The Labèque sisters have forged an international career for themselves. They perform at a number of festivals and in prestigious venues like the Vienna Musikverein, Carnegie Hall, the Royal Festival Hall, La Scala, the Hollywood Bowl, the BBC Proms, Tanglewood, Salzburg and many other famous places. In 2005 an audience of more than 33,000 people attended the Berlin Philharmonic end-of-year gala concert at which the Labèque sisters were the principal guest stars. That record was broken in May 2016 when over 100,000 spectators made their way to Schönbrunn for the Vienna Philharmonic’s Sommernachtskonzert. The sisters performed as soloists and more than one and a half billion television viewers around the world tuned in to watch the concert.

MINIMALIST MUSIC

Minimalism runs like a thread through the Labèque sisters’ career. Ever since their first collaborations, numerous composers from the avant-garde movement, then from the minimalist movement, have written new works specially for them. These pieces include Luciano Berio’s Linea for Two Pianos and Percussion, Michael Nyman’s Water Dances, Richard Dubugnon’s Battlefield for Two Pianos and Orchestra, Osvaldo Golijov’s and Gonzalo Grau’s Nazareno for Two Pianos, Percussion and Orchestra, and Philippe Boesmans’ Capriccio. During the course of 2008, they premièred Four Movements for Two Pianos by the celebrated minimalist and post-minimalist American composer Philip Glass in France, Italy, England and Cuba. In 2015 Philip Glass also composed a Double Concerto for Two Pianos and Orchestra specially for the Labèque sisters, who performed its world première at the Walt Disney Concert Hall in Los Angeles under the baton of Venezuela’s Gustavo Dudamel. So it is no coincidence that the first album they recorded in their own studios (Studio KML) in Rome - a former school they converted in 2012 - is a retrospective of roughly half a century of minimalist music entitled Minimalist Dream House. Earlier this year they also inaugurated the world première of Bryce Dessner’s Concerto for Two Pianos, another creation written specially for them. In 2019, the young American composer Nico Muhly will be presenting them with his new creation for two pianos.

FONDAZIONE KML

In 2005, Katia and Marielle Labèque set up a foundation in Rome to perpetuate their artistic heritage.
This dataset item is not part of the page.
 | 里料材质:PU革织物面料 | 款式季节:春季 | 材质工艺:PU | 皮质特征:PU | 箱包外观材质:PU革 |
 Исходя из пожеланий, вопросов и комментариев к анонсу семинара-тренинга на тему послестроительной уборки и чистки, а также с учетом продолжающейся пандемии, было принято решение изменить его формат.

The Fondazione KML explores, supports and presents concerts and performances. It also encourages collaboration among artists, championing in particular pluri-disciplinary performances and education. Artists are invited to create new pieces together, mixing dance, music and audiovisual material. The foundation’s internet site outlines its general philosophy: “First and foremost, art is a social phenomenon and not solely the intervention of an individual.” The Fondazione KML also gives the credit for its distinguished creators’ career to the way they have managed to preserve the classical heritage and also explore contemporary art forms while injecting new ideas into both.
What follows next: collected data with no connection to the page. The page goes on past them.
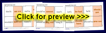 A set of 23 loop cards featuring phrases and their abbreviations using apostrophes.
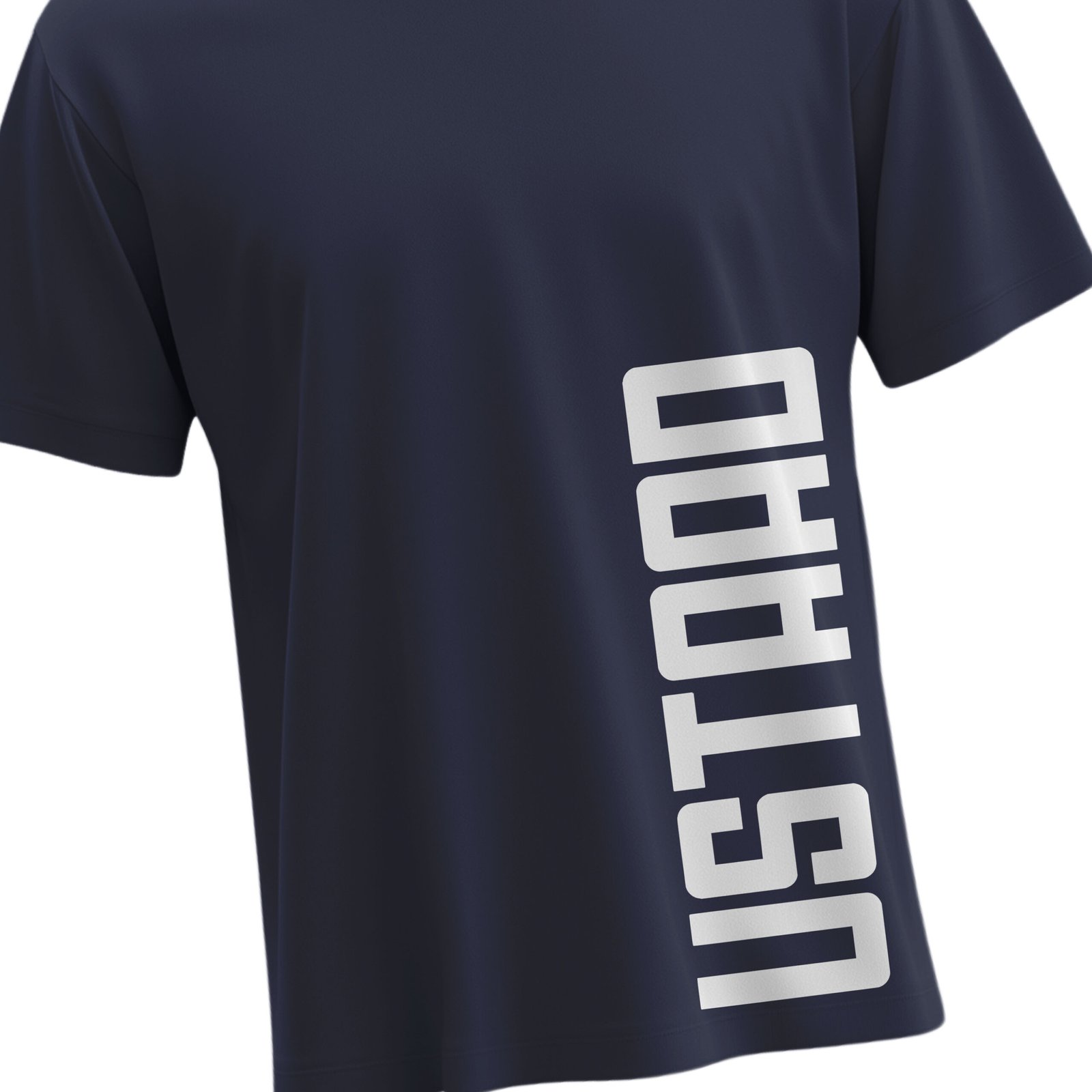 This Ustaad Bhagat Singh Navy Blue Regular Fit T-Shirt features a bold vertical “USTAAD” typography print that captures the attitude and dominance associated with the upcoming movie starring Pawan Kalyan.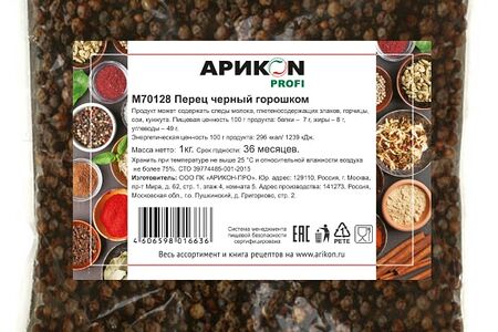 Сведения о составе: Перец черный горошкомПищевая ценность: 296,7,8,49Условия хранения: 25,0Срок годности в днях: 1095Страна изготовления: РоссияСведения об упаковке: ПакетПроизводитель: Арикон-Про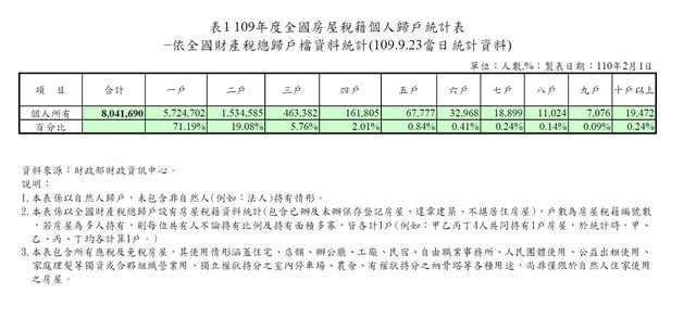 : 全國性房屋稅籍所有權人總歸戶,2020年擁有房子的人有 804.17萬人。

An illustrious and diversified committee of honour surrounds the Labèque sisters: Thomas Adès, Placido Domingo, Daniel Day-Lewis, Sir John Eliot Gardiner, Sir Simon Rattle, Bill T Jones, Magnus Lindberg, Madonna, John Mc Laughlin, Peter Sellars and Axel Vervoordt. In addition to the artistic links it upholds, the foundation encourages financial efficiency so as to sustain a structure dedicated to honing talent and finding new repertoires. The Labèque sisters sum up their approach as follows: “Seeking the echo rather than the refrain and preferring discovery to repetition.”